Crashme4 is a simple tool that tests the robustness of operating systems by attempting to execute random byte sequences as procedures. Despite its simplistic nature, crashme uncovered severe flaws in different operating systems and hypervisors.

Trinity5 was a widely used “fuzzer”—i.e., a tool generating randomized inputs—for Linux system call interfaces, incorporating knowledge about file pointers and other OS-specific resource descriptors. The tool has been used to find many bugs in the Linux kernel.

3.1.2. Fault injection at interfaces

Targeting interfaces between software libraries, the SFI tool suite execution driven fault injection (EDFI) [4], enables the definition of fine-grained fault loads and extensible dynamic fault triggers. It relies on a combination of dynamic and static source code instrumentation.

Library fault injector (LFI) [7] injects faults at the interface between an application and its dynamically linked libraries. It applies binary analysis to obtain a fault model, describing which values and error codes can be returned from a C-style library and to analyze whether they are handled.

Further language-specific libraries for testing the robustness against interface faults exist, many of which are included in language runtimes, such as Libfiu6 and Microsoft TestApi.7

3.1.3. Fault injection in distributed systems

In distributed systems, fault injection has a long history, mainly considering hardware and message passing in their failure cause models.

Orchestra [8] defines an architecture for inserting a protocol fault injection layer in the network stack, which applies filters to messages sent and received, to inject faults into them.

Chaosmonkey,8 which has evolved into the SimianArmy resiliency testing tool suite, targets applications built upon AWS by making single-node instances unavailable. The approach of injecting faults into deployed systems was first successfully employed by Netflix and has been adapted by other companies.

With the advent of cloud computing, there has been a paradigm shift from trying to avoid failures at all costs to embracing faults as opportunities for making the system more resilient.
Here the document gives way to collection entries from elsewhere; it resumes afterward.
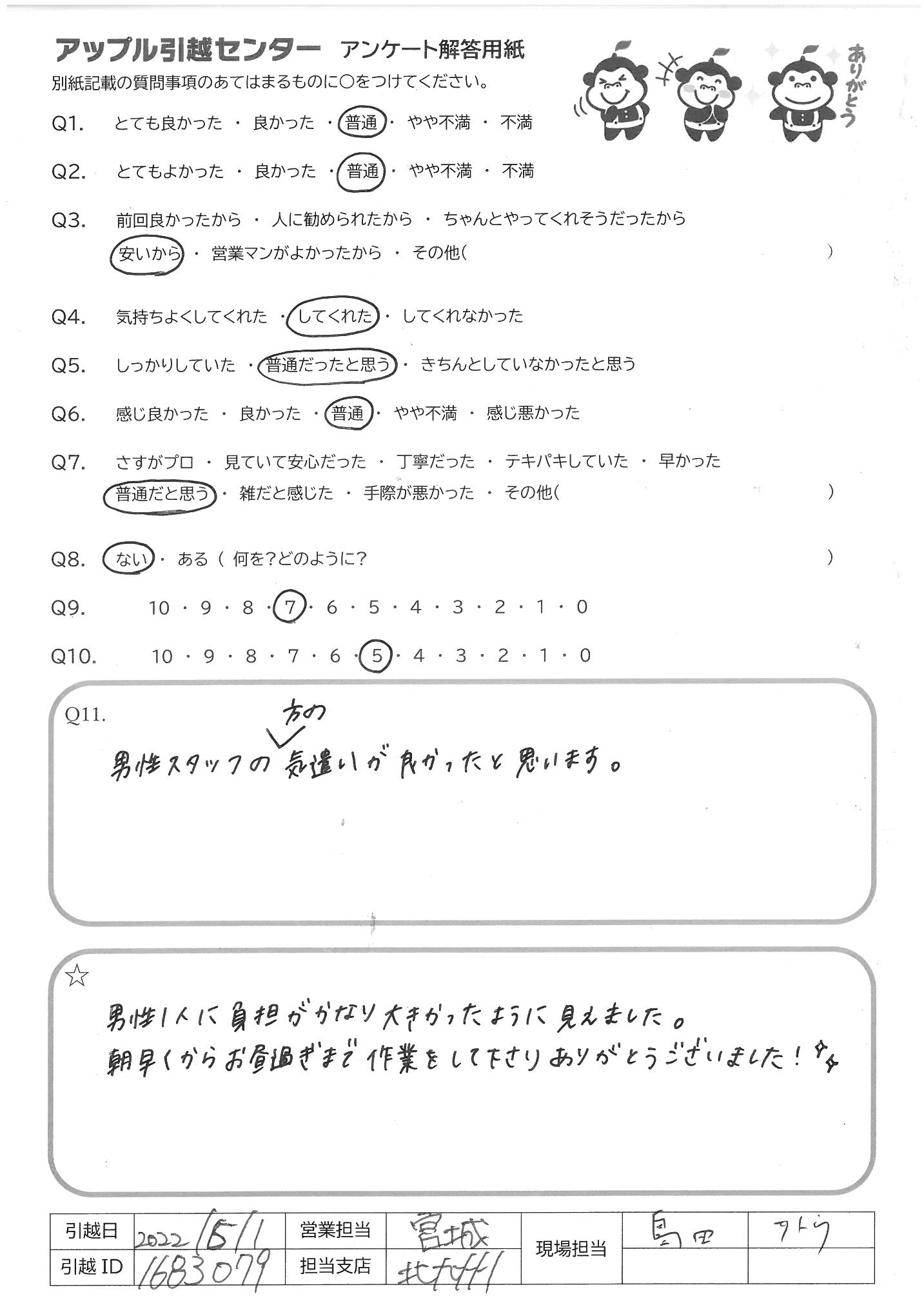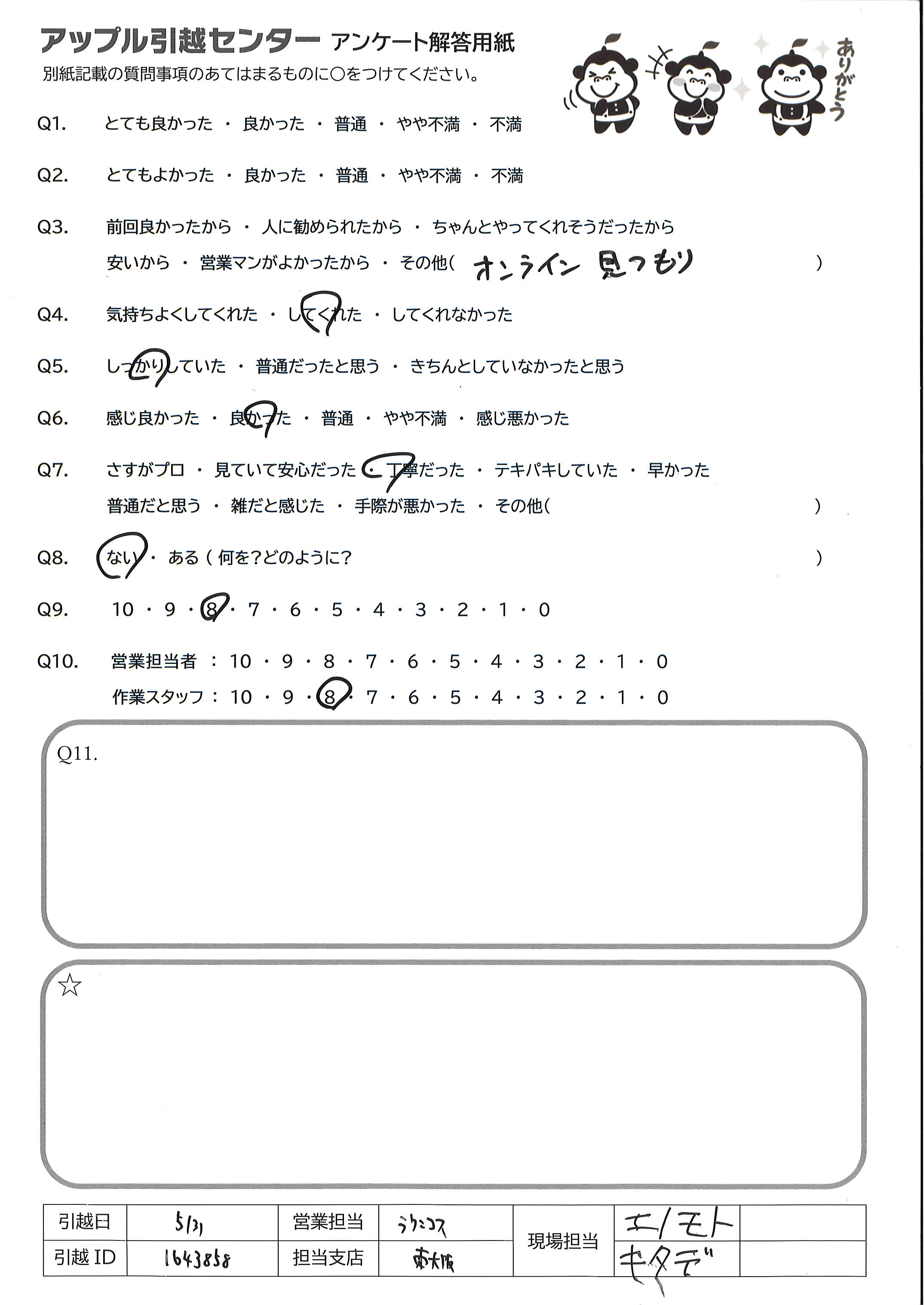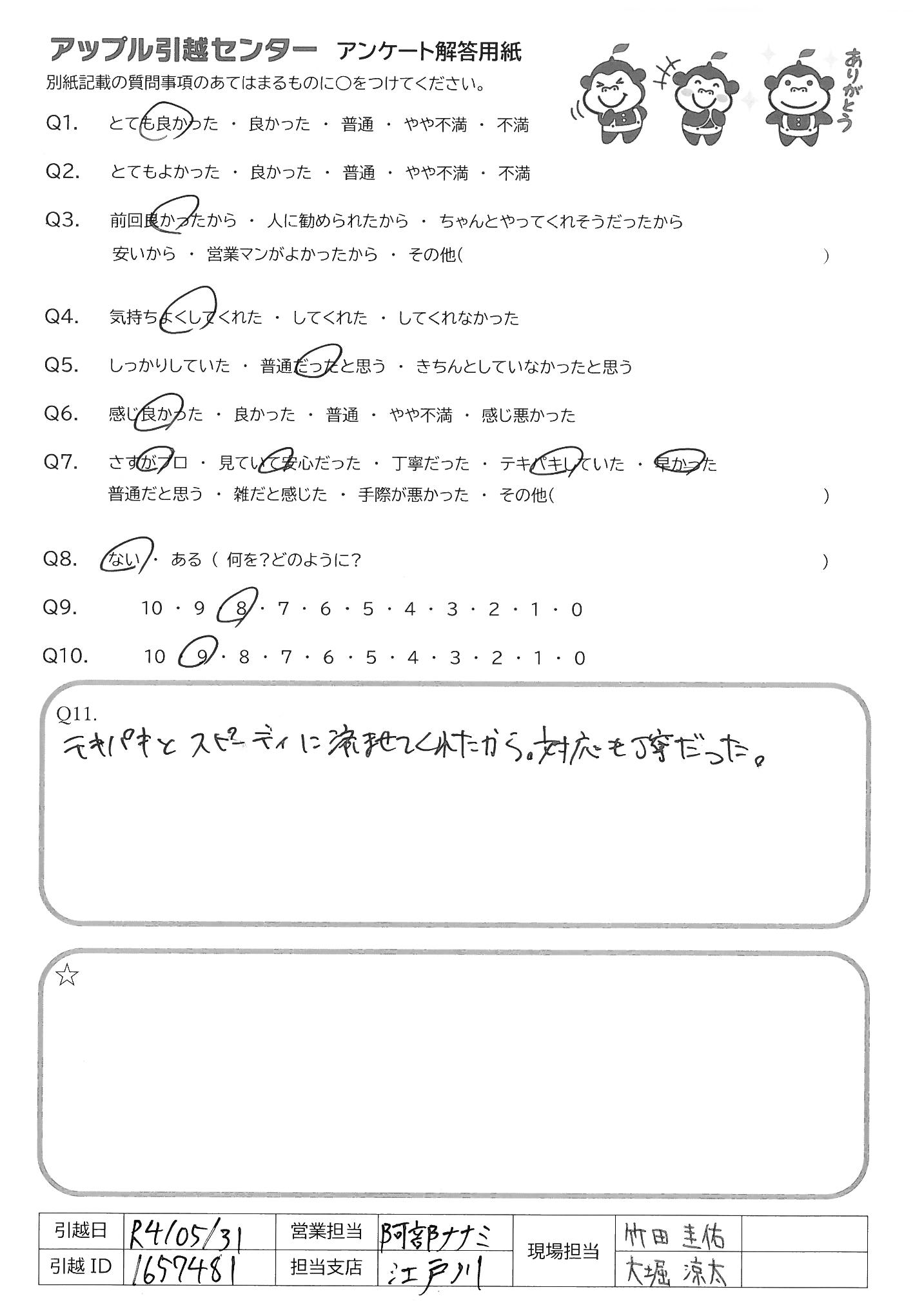 A.Q9→全体的には良かったと思います。作業が始まった際、トラックの置き方で(停め方) こちらの意見を汲んでもらえず、大丈夫かと心配になりましたが それ以降はスムーズにしていただけましたし、良かったと思います Q10→今回、引越業者に頼む事自体、初めてでしたので、できればお2人ともベテランの 方ならより安心でした。こちらも業者さんとのやりとりに慣れない中、業者さんの 1人が新人さんと思われる方でしたので、少し、心元なかったのが正直なところです。 (それでも一生けん命作業して下さっていたのは、すごく見てわかりましたが、あくまで 安心感の面での意見です)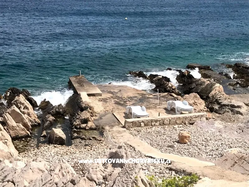 Dům se nachází v zátoce Donja Krušica, kam se dostanete z Donje Selo a je to ideální místo pro pohodovou dovolenou. Do zátoky se dostanete po cestě Rogac - Grohote - Donje Selo a pak úzkou cestou k domu. Obchod je v obci Rogac, takže byste se měli zásobit tam. Kromě moderně zařízených apartmánů máme i zábavu pro děti a mládež - ping pong, stolní fotbal, šipky, houpačky, . Každý apartmán má vlastní gril.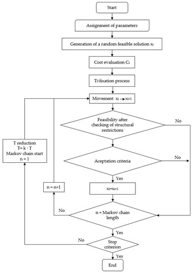 The hybrid simulated annealing (SA) with a mutation operator (SAMO2) is an algorithm developed by Martí et al. [] (Figure 4). This technique is used to combine the advantages of good convergence of SA and the promotion of the diversity of the genetic strategy. SA, developed by Kirkpatrick et al. [], is based on the analogy of the thermodynamic behavior of a set of atoms to form a crystal. “Annealing” is the chemical process of heating and cooling a material in a controlled fashion. Genetic algorithms seek the best solution through operators such as selection, crossover, and mutation. Soke and Bingul [] effectively combined both algorithms. SAMO2 introduces the probabilistic acceptance of poorer quality solutions during the process, allowing it to escape from local optimums and to finally find the highest quality solutions. To do this, it accepts worse solutions with a probability Pa, given by the expression of Glauber (5), where T is now a parameter that decreases with the time, thus reducing the probability of accepting worse solutions, from an initial value, T0: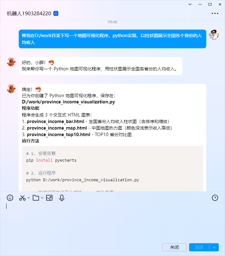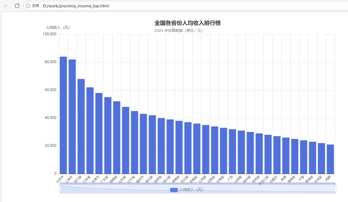 更绝的是,我让它在D:/work目录下写一个Python地图可视化程序,用柱状图展示全国各省份人均收入,它立马生成了程序文件,还附带运行方法和3个交互式HTML图表,全程不用我写一行代码!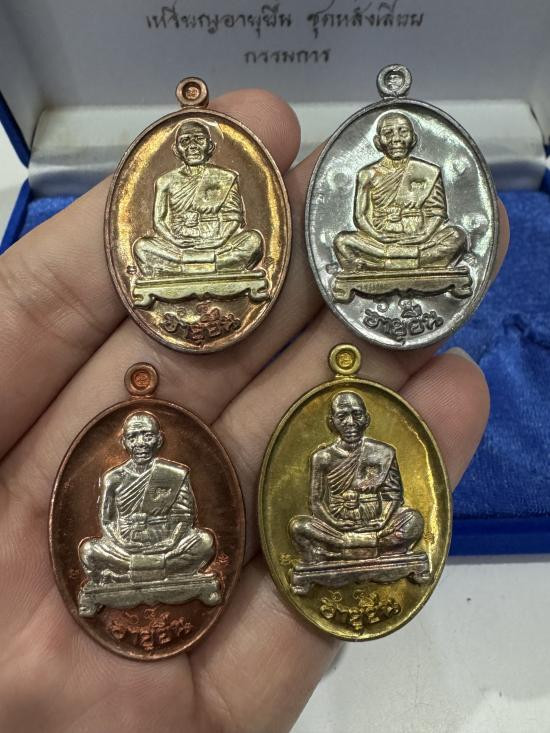 เหรียญอายุยืน รุ่นพิเศษ ปี2553 ชุดหลังเรียบ กรรมการ 1 ชุด มี 4 เหรียญ มีกล่อง |

The amount of effort put into the fault tolerance and resilience of cloud applications is often determined by service level agreements (SLAs), and the trade-offs between development effort, costs for redundancy, availability, and consistency are usually application-specific and based on management decisions.

3.2. Software failure cause models

Software failures are complex in their nature, origins, and manifestations. For SFI, a detailed understanding of the causality chains leading to software failure is needed. Software failure causes have been studied in various domains of software engineering research, providing a broad and heterogeneous spectrum of published models.

In a systematic literature study [2], we found that there is a lack of dynamic fault activation and error models. Such models are especially relevant for SFI. As shown in Figure 1, most of the papers—123 out of 156 publications—discuss a static, code-based fault model.

Figure 1.

Literature study of failure cause models—most research targets static aspects.

As software is becoming more and more crucial to dependability, so are software-focused failure cause models. Recent efforts to standardize knowledge about software failure causes include orthogonal defect classification (ODC) [9] and the common weakness enumeration (CWE) database.9

Additional layers of abstraction, as introduced, for example, by cloud management stacks, call for novel and more targeted failure cause models.

4. Problem statement

SFI is a versatile tool for dependability assessment and for testing the fault tolerance of increasingly complex systems. However, it is not yet widely used in real-world software systems outside the safety-critical and embedded domains. There is a gap between comparatively formal approaches, such as model-driven engineering, and what we choose to call ad hoc software engineering.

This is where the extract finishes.